Christian or not, Peter Wimsey faces a similar change. He too recognizes his inadequacy and guilt, and finds refuge, finally, in love freely accepted. How Sayers arranges for this “conversion” within the formulas of a detective novel is both surprising and instructive.

First, Sayers clearly perceived the opportunities for ethical investigation built into her genre. Every mystery concerns itself with the effort to detect guilty realities beneath innocent appearances. Hence the criminal’s recurrent “perfect alibi.” Hence the detective’s encounter with guilt and its practical and spiritual consequences: Who did it, how, and why? Can he prosecute, punish, or absolve with justice? How is he to judge the criminal he tracks down?
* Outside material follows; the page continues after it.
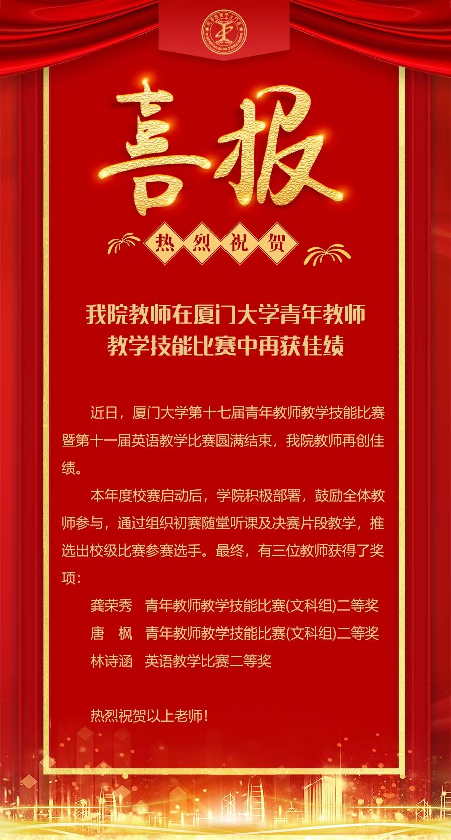 近日,厦门大学第十七届青年教师教学技能比赛暨第十一届英语教学比赛圆满结束,我院教师再创佳绩。龚荣秀老师、唐枫老师获得青年教师教学技能比赛(文科组)二等奖,林诗涵老师获得英语教学比赛二等奖。

Sayers heightens these ethical overtones by placing her crimes in retired or sheltered settings: a country village, a resort, an exclusive London club, or even Oxford, the haven of intellect and decorum. “Stir up the mud of the village pond,” says Peter bitterly, “and the stink will surprise you.” However intensely the inhabitants of these artificial Edens may want to hush it up—murder and suicide are only “unpleasantnesses” at the Bellona Club—the obsessive violence of human nature may surface anywhere.

Some of the Wimsey stories end on an upswing of triumph or relief. Less predictably, others end in desolation, weariness, or disgust, with Wimsey facing the grim consequences of crime both for its victims and for himself. “On paper,” a mystery may seem intricate, intriguing, like a picture puzzle. In reality, an unsolved crime only initiates a grinding round of work, doubt, emotional shock, and frustration. Neither wit nor wealth nor professional “security” can exempt the sleuth from sharing the guilt and tragedy of the people around him.

Enter Wimsey of Balliol and Picadilly. Rich, single, cultivated, clever, he “owns the kingdoms of this world.” Comfort and security are given: he takes to crime-solving for excitement, mental stimulation, to escape routine. His betters and relations disapprove: they think his hobby a dilettante’s game, unworthy of a peer—bad form as well as bad press. But Peter’s vacillation between the roles of dilettante and detective helps to define the lesson he must learn.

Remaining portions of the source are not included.